Upwardly mobile phone jockey... or 'cyber-coolie'?
by Robert Fulford

(The National Post, 1 November 2003)

My computer technician and I were separated by 11,623 kilometres and a dozen time zones, but we bonded when we confronted a grave problem. One day last summer the fan in my computer died. Other components then overheated. The machine emitted wisps of smoke and shut down.

Computer owners will understand the icy terror that flowed through my veins. I called the manufacturer's help line, and was answered by a man in a headset sitting before a screen in New Delhi. In Toronto, it was four in the afternoon, so for him it was two a.m. He works nights, to help North Americans who want daytime or evening service.
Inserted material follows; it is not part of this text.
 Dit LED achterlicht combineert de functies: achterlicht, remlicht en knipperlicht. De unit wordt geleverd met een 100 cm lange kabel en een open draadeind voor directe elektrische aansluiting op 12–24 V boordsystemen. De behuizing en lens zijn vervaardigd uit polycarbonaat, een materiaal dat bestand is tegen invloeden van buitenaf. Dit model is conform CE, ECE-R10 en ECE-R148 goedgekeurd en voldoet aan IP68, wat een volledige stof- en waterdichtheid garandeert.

At first, he didn't understand the depth of my ignorance. He was talking to someone who had never seen the inside of a computer, didn't know it contained a fan, and always secretly believed that if you open the box it will probably explode. But by exhibiting limitless patience he persuaded me to take off the casing, peer inside, and describe the contents. We spent two hours together before he figured out what parts I needed so that he could send someone in Toronto to install them.

It happens that I'm one of globalization's enthusiastic supporters (partly because I know some of the people who aren't), so naturally this process thrilled me. Call centres, like the one I reached in India, are a creation of global capitalism and a striking example of how technology ignores geography and spreads employment.
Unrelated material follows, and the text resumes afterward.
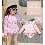 ベビー水着 ベビー スイムウェア キッズ 帽子 2点セット UVカット スイミング 女の子 ジュニア かわいい フリル さくらんぼ ラッシュガード ビーチ 紫外線対策

Today, it's nearly impossible to avoid call centres. If you place a phone order with Neiman Marcus, for instance, you'll talk to someone in Alberta. If you call United Parcel Service to order a pickup, you'll speak to someone in New Brunswick, where UPS has about 1,000 employees working the phones. And if you book a flight on Lufthansa, an operator in Cape Town will serve you.

Call centres are made possible by toll-free phone numbers, cheap long-distance, special phone banks, and globally linked corporate computer systems. A dozen or so years ago, with those elements all in place, the call-centre business began circling the earth. Soon millions of people were conversing across the oceans, often without knowing it.

Out of curiosity I always ask an operator "where are you?" But there are call centres that forbid their employees to answer. It's said there are places where operators lie, claiming to be in Des Moines, say, when they are actually in Manila.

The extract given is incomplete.